Imagine if you will having someone around, with whom you may always converse and bicker and banter and yet never tire. Imagine having the privilege of claiming: I am a solitary person, I require space and quiet and myself alone with my thoughts, and yet always knowing to the very pith of your being that you are not, and have never really ever been, alone in the world.

*
She is, once again, telling me about the greatness of The Beatles. The record player makes its revolutions in the background, the diamond needle moving against the miniscule ridges of a vinyl copy of Rubber Soul. We take turns flipping the finished record over, not bothering to put on something new. Her animated face will never grow old, not like this, not when expressing her admiration for Lennon-McCartney. Prosaic moments such as these are when the mind, relaxed and open, wanders down paths without particular intention or chosen destination. I feel the warmth of this moment, the darkness of the winter evening outside exaggerated by the bronzed light within the room. We will live like this forever.

We are permeable beings, porous, full of holes at the microscopic level. What is it, exactly, that separates one person from another? We have never been far apart, always like Castor and Pollux, in relation to the other. I am never really alone. This is a comfort. But while you are half of a whole, created and formed in the same moments, there is unfortunately no precise way to determine who will die first.
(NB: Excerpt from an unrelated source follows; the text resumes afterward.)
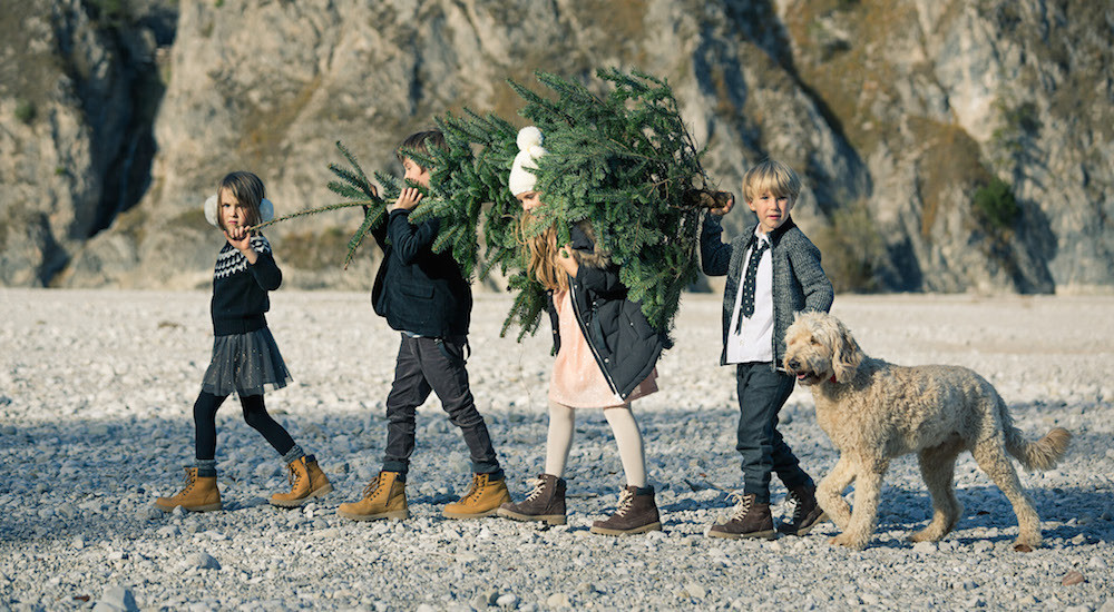 Para los niños hay trajes sastre con pantalones slim en color azul o pantalones jaspeados de lana que se combinan con camisas blancas con pajarita. Para un look más casual opta pantalones skinny combinados con jerséis estampados o cárdigans con diseño jacquard muy invernales.

I think of a Shakespeare sonnet, number sixty-four. When I have seen by Time’s fell hand defaced / The rich proud cost of outworn buried age…loss, death is inevitable. I worry too often, the thought creeps up in the places I am most comfortable, unreasonable scenarios. I wonder who would cope better, which survivor? When I have seen such interchange of state, / Or state itself confounded to decay: the worst scenario. Norman Rush calls it the “hellmouth,” the “opening up of the mouth of hell right in from of you, without warning, through no fault of your own.” Ruin hath taught me thus to ruminate / That Time will come and take my love away. Living involves loss, but loss always shocks us. The injustice of it, the utterly unwelcome, yet wholly predictable facts of life seem still distant to me. I am young but already sense, abstract and foreboding, a shortness of time.
Who will die first?
Families, people in love have the same thought, but I cannot help but wonder whether the knowledge of a common origin, a onetime shared existence, might increase the loss; or am I exaggerating my own tragedy? Nevertheless, two possibilities: who will be left behind?
Since I first conceived of her mortality I have never not been afraid.